[Opening SUPPLIED RECORDS section]

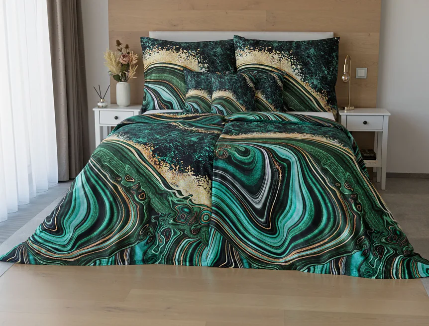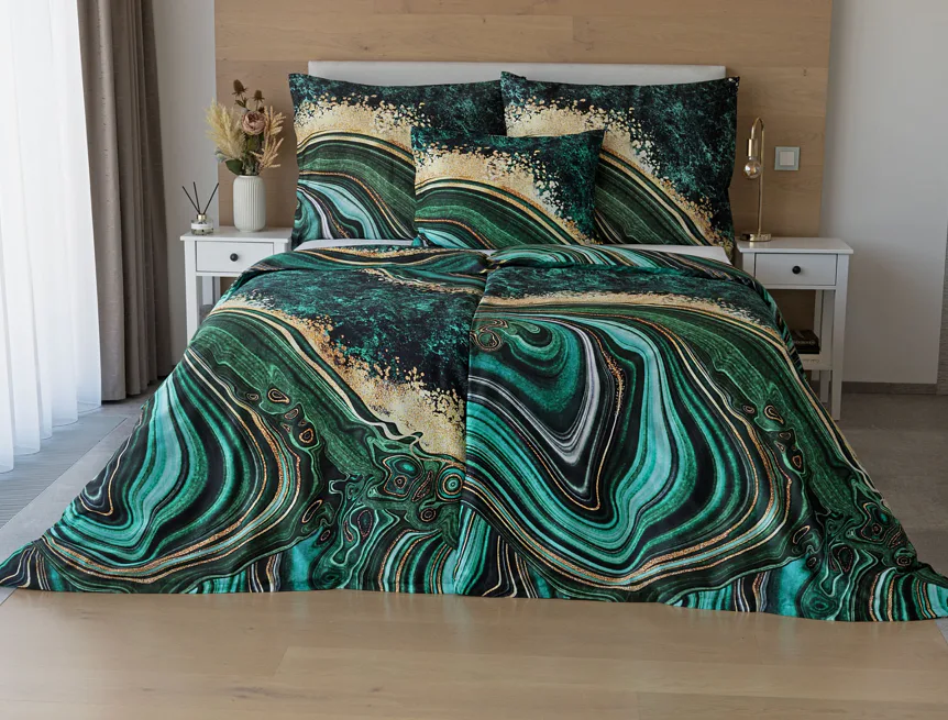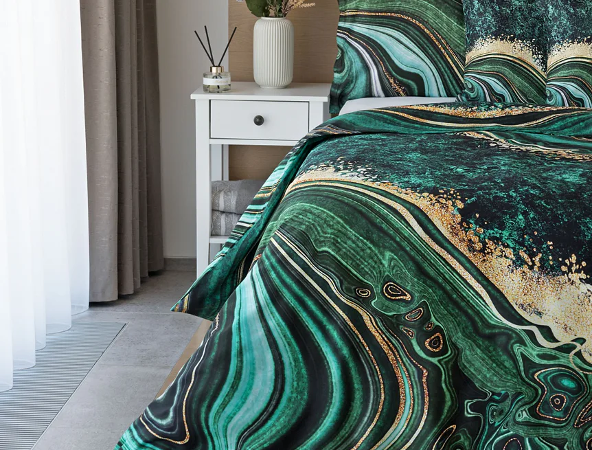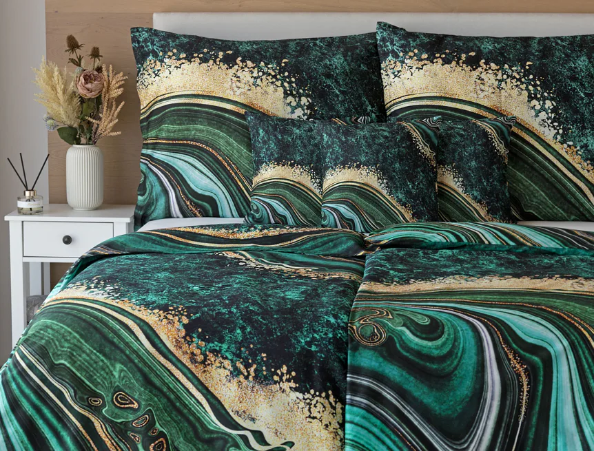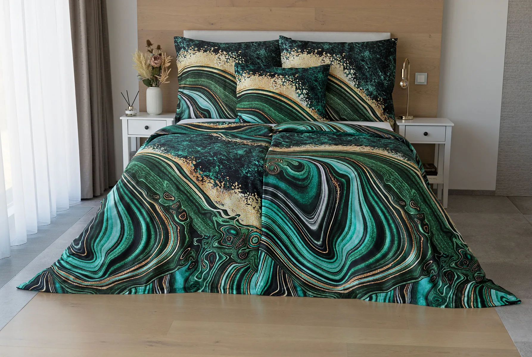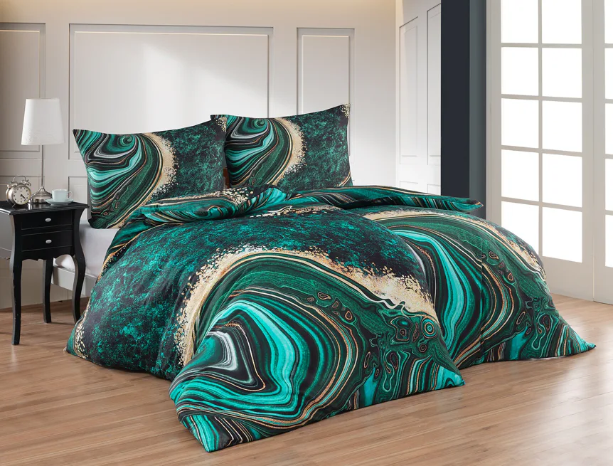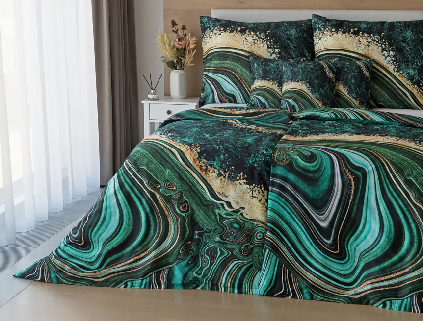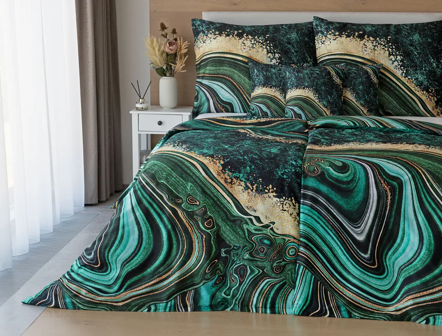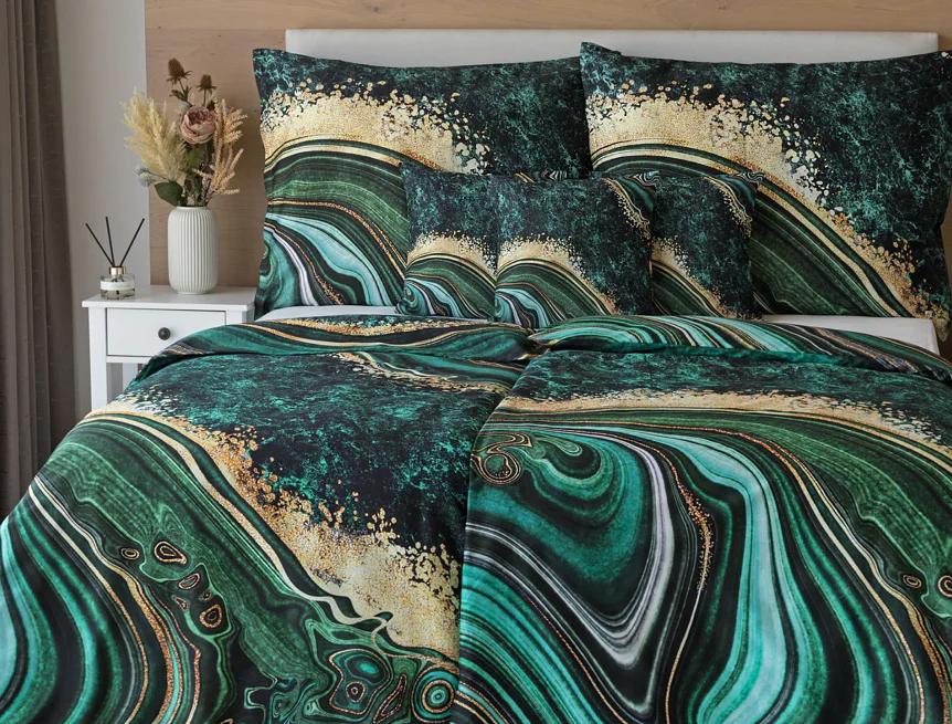 Nalaďte se na pozitivní vlnu s energickým vzorem ložního povlečení Metheora. Abstraktnímu motivu dominují odstíny smaragdově zelené barvy, která působí na lidskou mysl klidně, napomáhá regeneraci a načerpání nové síly. Zelené barvě sluší kombinace se zlatou, díky které získává noblesní nádech. A přesně tyto odstíny barev se snoubí ve vzoru Metheora, jehož eleganci navíc podtrhuje hebký bavlněný satén vyrobený ze 100% bavlny.
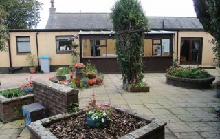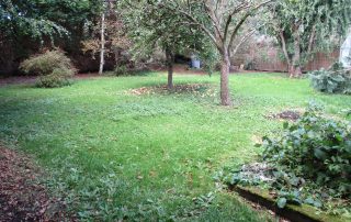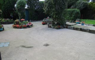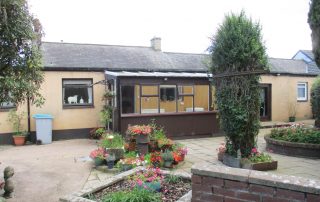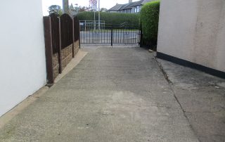 Low level boundary wall and single cast iron gate giving access to the low maintenance front garden area which is laid out in bark and bordered by mature trees and paving. Decorative cast iron double gates give access to the driveway at the side offering parking for up to 4 cars and gives access through to rear garden. The private, secluded and secure rear garden is laid out in paving with a large lawn area with well stocked raised flower beds and mature trees, two of which are apple and pear trees. Greenhouse. Rotary clothes drier. Two outside cold water taps..
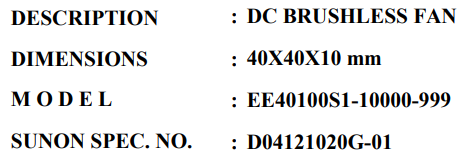 EE40100S1-10000-999 40x40x10MM DC BRUSHLESS FAN
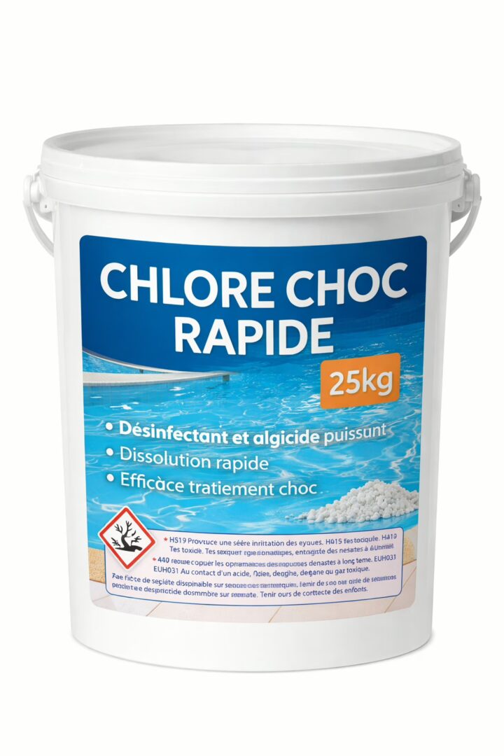 Chlore rapide en granulés pour piscine : désinfectant et algicide efficace, dissolution rapide, idéal pour un traitement choc. Assure une eau propre et saine.
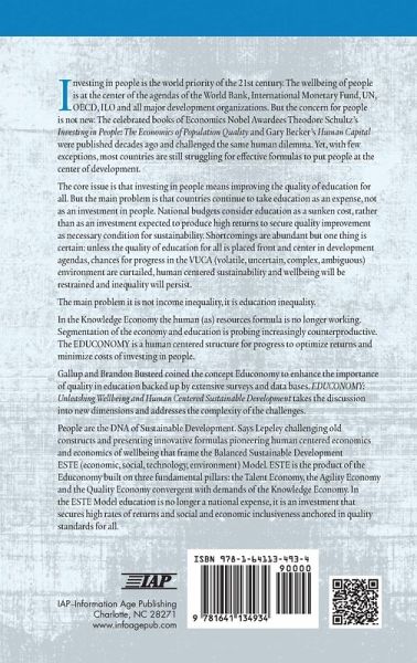 Investing in People is the world priority of the 21st century. The wellbeing of people is at the center of the agendas of the World Bank, International Monetary Fund, UN, OECD, ILO and all major development organizations. But the concern for people is not new. The celebrated books of Economics Nobel Awardees Theodore Schultz's Investing in People. The Economics of Population Quality and Gary Becker's Human Capital were published decades ago and challenged the same human dilemma. Yet, with few exceptions, most countries are still struggling for effective formulas to put people at the center of development. The core issue is that investing in people means improving the quality of education for all. But the main problem is that countries continue to take education as an expense, not as an investment in people. National budgets consider education as a sunken cost, rather than as an investment expected to produce high returns to secure quality improvement as necessary condition for sustainability. Shortcomings are abundant but one thing is certain: unless the quality of education for all is placed front and center in development agendas, chances for progress in the VUCA (volatile, uncertain, complex, ambiguous) environment are curtailed, human centered sustainability and wellbeing will be restrained and inequality will persist. The main problem it is not income inequality, it is education inequality. In the Knowledge Economy the human (as) resources formula is no longer working. Segmentation of the economy and education is probing increasingly counterproductive. The EDUCONOMY is a human centered structure for progress to optimize returns and minimize costs of investing in people. Gallup and Brandon Busteed coined the concept Educonomy to enhance the importance of quality in education backed up by extensive surveys and data bases. Lepeley's EDUCONOMY. Unleashing Wellbeing and Human Centered Sustainable Development takes the discussion into new dimensions and addresses the complexity of the challenges. People are the DNA of Sustainable Development. Says Lepeley challenging old constructs and presenting innovative formulas pioneering human centered economics and economics of wellbeing that frame the Balanced Sustainable Development ESTE (economic, social, technology, environment) Model. ESTE is the product of the Educonomy built on three fundamental pillars: the Talent Economy, the Agility Economy and the Quality Economy convergent with demands of the Knowledge Economy. In the ESTE Model education is no longer a national expense, it is an investment that secures high rates of returns and social and economic inclusiveness anchored in quality standards for all.
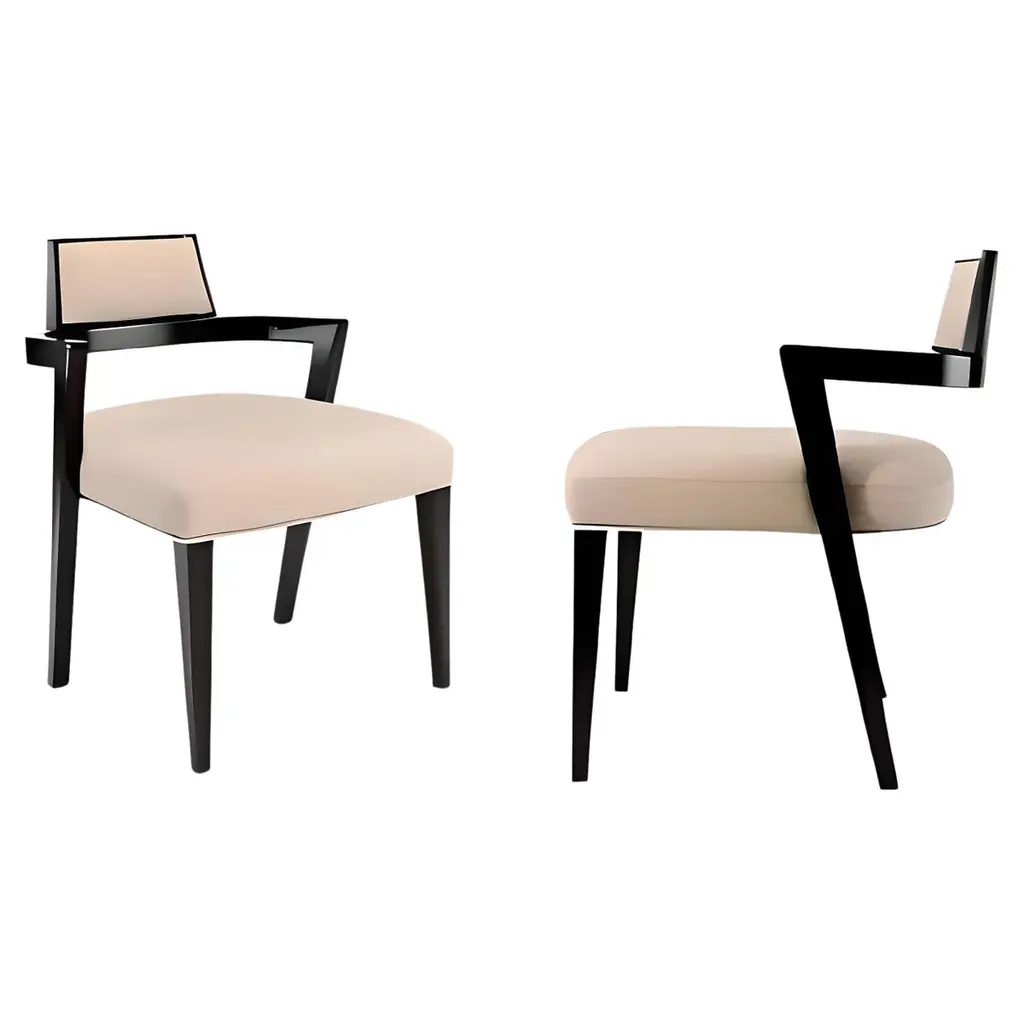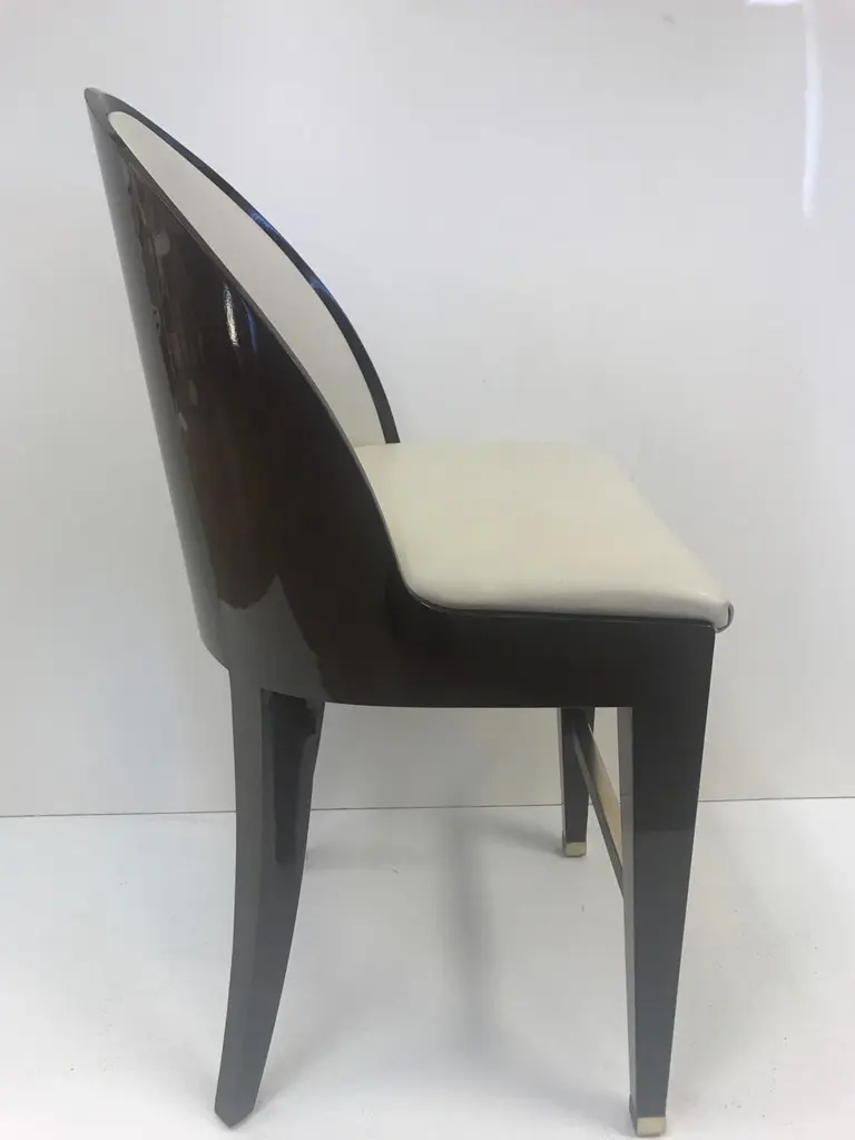 Three mahogany modern bar stools. Frames have a high gloss finish, brass stretcher, brass sabots, and the seats are leatherette. Art Deco style.

[Closing SUPPLIED RECORDS section]

TASK TO CARRY OUT - Every line of the listing is to be repeated exactly, and the pictures are to be dropped.

ANSWER BOX -
 Nalaďte se na pozitivní vlnu s energickým vzorem ložního povlečení Metheora. Abstraktnímu motivu dominují odstíny smaragdově zelené barvy, která působí na lidskou mysl klidně, napomáhá regeneraci a načerpání nové síly. Zelené barvě sluší kombinace se zlatou, díky které získává noblesní nádech. A přesně tyto odstíny barev se snoubí ve vzoru Metheora, jehož eleganci navíc podtrhuje hebký bavlněný satén vyrobený ze 100% bavlny.
 Low level boundary wall and single cast iron gate giving access to the low maintenance front garden area which is laid out in bark and bordered by mature trees and paving. Decorative cast iron double gates give access to the driveway at the side offering parking for up to 4 cars and gives access through to rear garden. The private, secluded and secure rear garden is laid out in paving with a large lawn area with well stocked raised flower beds and mature trees, two of which are apple and pear trees. Greenhouse. Rotary clothes drier. Two outside cold water taps..
 EE40100S1-10000-999 40x40x10MM DC BRUSHLESS FAN
 Chlore rapide en granulés pour piscine : désinfectant et algicide efficace, dissolution rapide, idéal pour un traitement choc. Assure une eau propre et saine.
 Investing in People is the world priority of the 21st century. The wellbeing of people is at the center of the agendas of the World Bank, International Monetary Fund, UN, OECD, ILO and all major development organizations. But the concern for people is not new. The celebrated books of Economics Nobel Awardees Theodore Schultz's Investing in People. The Economics of Population Quality and Gary Becker's Human Capital were published decades ago and challenged the same human dilemma. Yet, with few exceptions, most countries are still struggling for effective formulas to put people at the center of development. The core issue is that investing in people means improving the quality of education for all. But the main problem is that countries continue to take education as an expense, not as an investment in people. National budgets consider education as a sunken cost, rather than as an investment expected to produce high returns to secure quality improvement as necessary condition for sustainability. Shortcomings are abundant but one thing is certain: unless the quality of education for all is placed front and center in development agendas, chances for progress in the VUCA (volatile, uncertain, complex, ambiguous) environment are curtailed, human centered sustainability and wellbeing will be restrained and inequality will persist. The main problem it is not income inequality, it is education inequality. In the Knowledge Economy the human (as) resources formula is no longer working. Segmentation of the economy and education is probing increasingly counterproductive. The EDUCONOMY is a human centered structure for progress to optimize returns and minimize costs of investing in people. Gallup and Brandon Busteed coined the concept Educonomy to enhance the importance of quality in education backed up by extensive surveys and data bases. Lepeley's EDUCONOMY. Unleashing Wellbeing and Human Centered Sustainable Development takes the discussion into new dimensions and addresses the complexity of the challenges. People are the DNA of Sustainable Development. Says Lepeley challenging old constructs and presenting innovative formulas pioneering human centered economics and economics of wellbeing that frame the Balanced Sustainable Development ESTE (economic, social, technology, environment) Model. ESTE is the product of the Educonomy built on three fundamental pillars: the Talent Economy, the Agility Economy and the Quality Economy convergent with demands of the Knowledge Economy. In the ESTE Model education is no longer a national expense, it is an investment that secures high rates of returns and social and economic inclusiveness anchored in quality standards for all.
 Three mahogany modern bar stools. Frames have a high gloss finish, brass stretcher, brass sabots, and the seats are leatherette. Art Deco style.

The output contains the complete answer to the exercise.